───── RECORDS TO USE

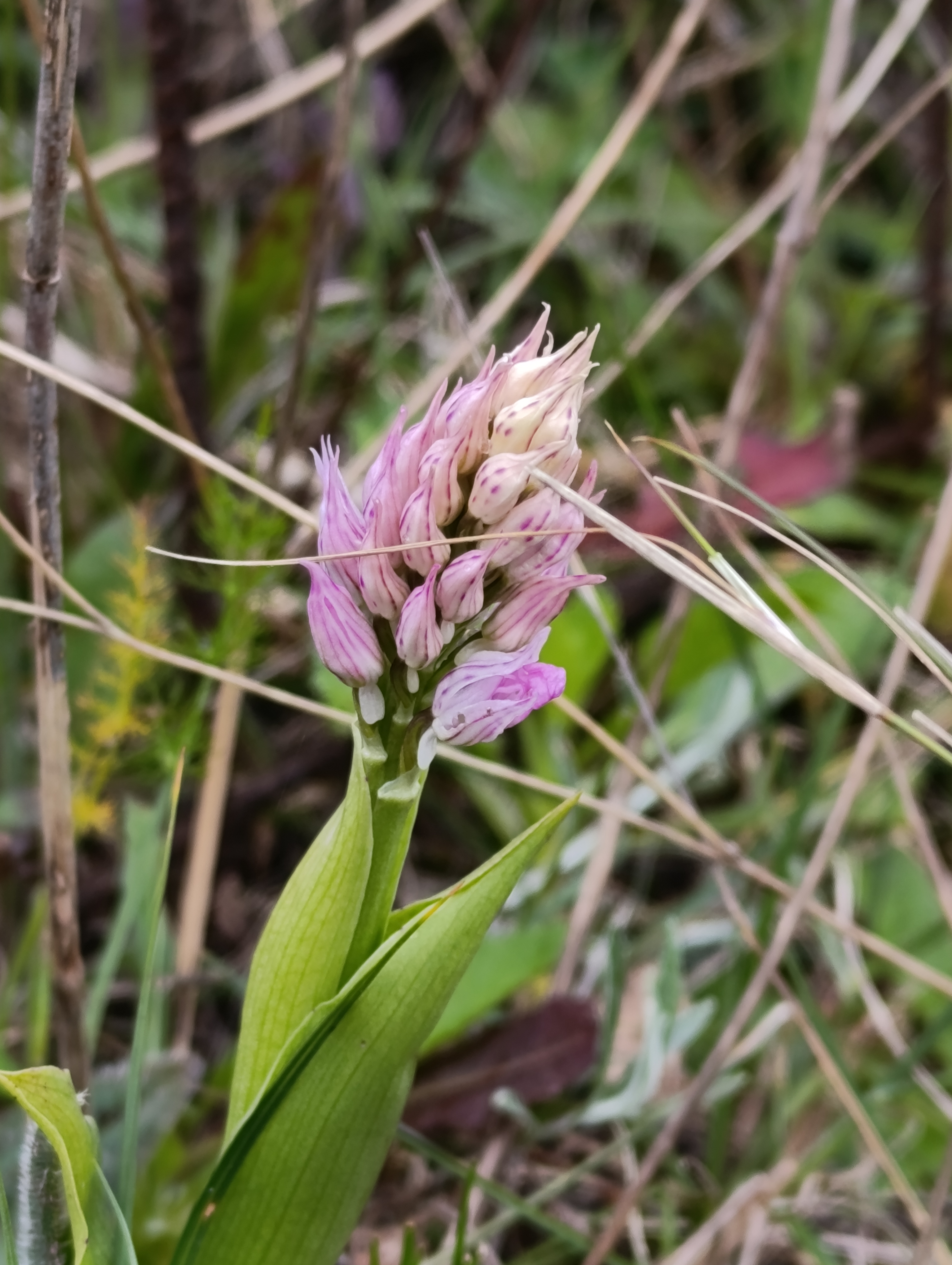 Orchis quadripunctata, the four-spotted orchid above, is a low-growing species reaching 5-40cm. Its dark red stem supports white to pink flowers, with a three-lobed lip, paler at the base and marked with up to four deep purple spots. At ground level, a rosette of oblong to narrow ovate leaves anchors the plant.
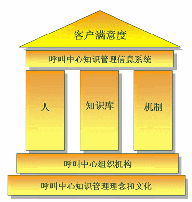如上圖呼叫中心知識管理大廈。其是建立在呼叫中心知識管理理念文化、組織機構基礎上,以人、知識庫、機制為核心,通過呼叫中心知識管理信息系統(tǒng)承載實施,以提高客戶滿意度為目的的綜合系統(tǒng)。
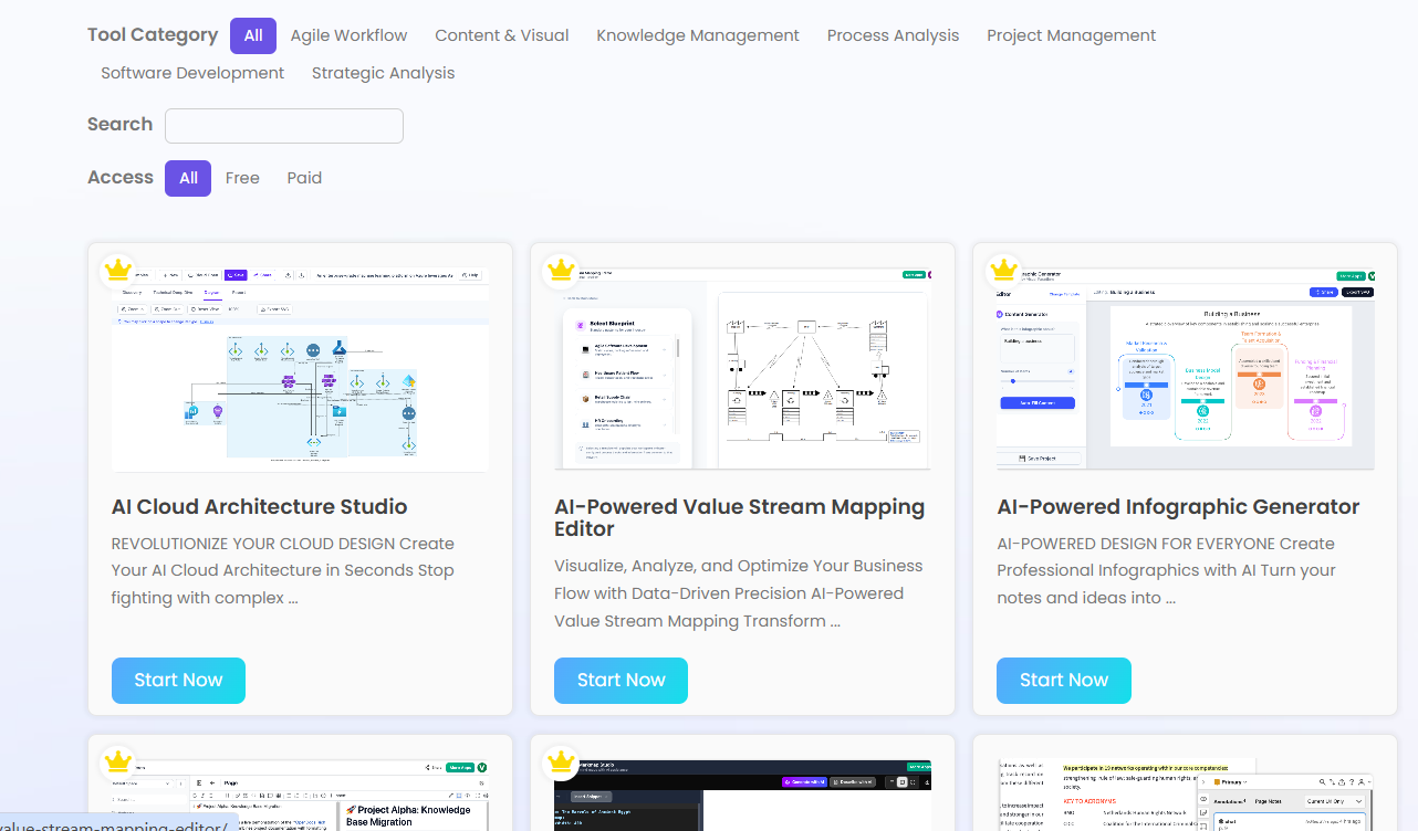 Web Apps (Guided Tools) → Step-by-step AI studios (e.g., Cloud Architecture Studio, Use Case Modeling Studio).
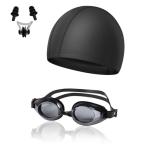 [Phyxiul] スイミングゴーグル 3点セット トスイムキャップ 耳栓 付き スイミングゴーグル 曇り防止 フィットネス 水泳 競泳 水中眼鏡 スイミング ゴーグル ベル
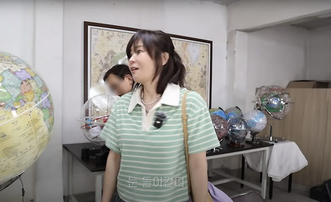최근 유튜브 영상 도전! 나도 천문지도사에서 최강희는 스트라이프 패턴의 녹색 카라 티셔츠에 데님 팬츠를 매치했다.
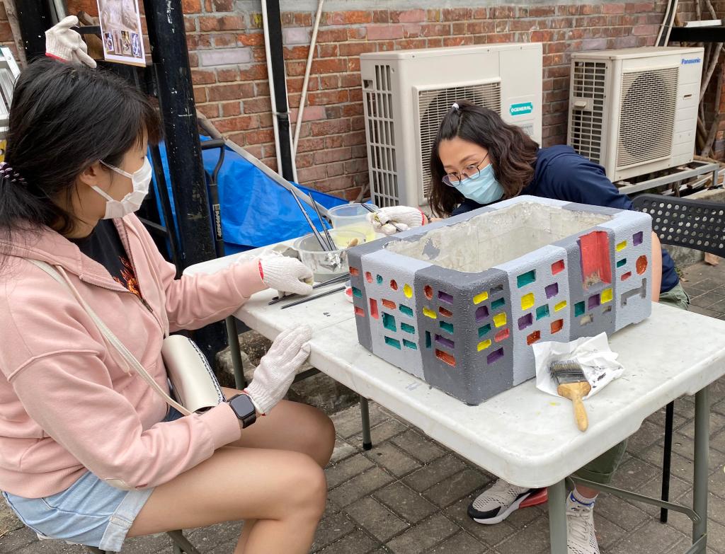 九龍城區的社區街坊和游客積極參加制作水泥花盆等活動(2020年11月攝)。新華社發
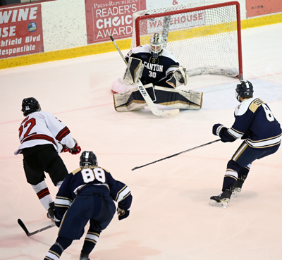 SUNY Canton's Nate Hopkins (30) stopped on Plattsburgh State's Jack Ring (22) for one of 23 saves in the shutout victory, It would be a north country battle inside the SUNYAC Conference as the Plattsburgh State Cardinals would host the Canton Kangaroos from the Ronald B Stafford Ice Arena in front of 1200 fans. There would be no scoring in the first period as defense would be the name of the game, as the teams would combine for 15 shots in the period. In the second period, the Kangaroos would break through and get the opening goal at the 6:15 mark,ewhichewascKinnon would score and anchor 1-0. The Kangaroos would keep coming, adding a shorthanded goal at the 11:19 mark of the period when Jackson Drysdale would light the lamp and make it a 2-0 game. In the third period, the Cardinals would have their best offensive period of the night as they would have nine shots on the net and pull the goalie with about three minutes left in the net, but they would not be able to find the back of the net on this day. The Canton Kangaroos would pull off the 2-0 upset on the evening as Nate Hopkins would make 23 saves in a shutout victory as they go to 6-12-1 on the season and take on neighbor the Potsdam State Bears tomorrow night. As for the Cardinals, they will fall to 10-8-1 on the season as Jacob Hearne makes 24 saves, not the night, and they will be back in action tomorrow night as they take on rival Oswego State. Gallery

──────────

> [WHAT THE TASK REQUIRES]:
Repeat, exactly and in full, each line from the start of the data to the line that contains "[Phyxiul] スイミングゴーグル 3点セット". Pictures do not go in.

> [RESPONSE TO THE EXERCISE]:
 Orchis quadripunctata, the four-spotted orchid above, is a low-growing species reaching 5-40cm. Its dark red stem supports white to pink flowers, with a three-lobed lip, paler at the base and marked with up to four deep purple spots. At ground level, a rosette of oblong to narrow ovate leaves anchors the plant.
如上圖呼叫中心知識管理大廈。其是建立在呼叫中心知識管理理念文化、組織機構基礎上,以人、知識庫、機制為核心,通過呼叫中心知識管理信息系統(tǒng)承載實施,以提高客戶滿意度為目的的綜合系統(tǒng)。
 Web Apps (Guided Tools) → Step-by-step AI studios (e.g., Cloud Architecture Studio, Use Case Modeling Studio).
 [Phyxiul] スイミングゴーグル 3点セット トスイムキャップ 耳栓 付き スイミングゴーグル 曇り防止 フィットネス 水泳 競泳 水中眼鏡 スイミング ゴーグル ベル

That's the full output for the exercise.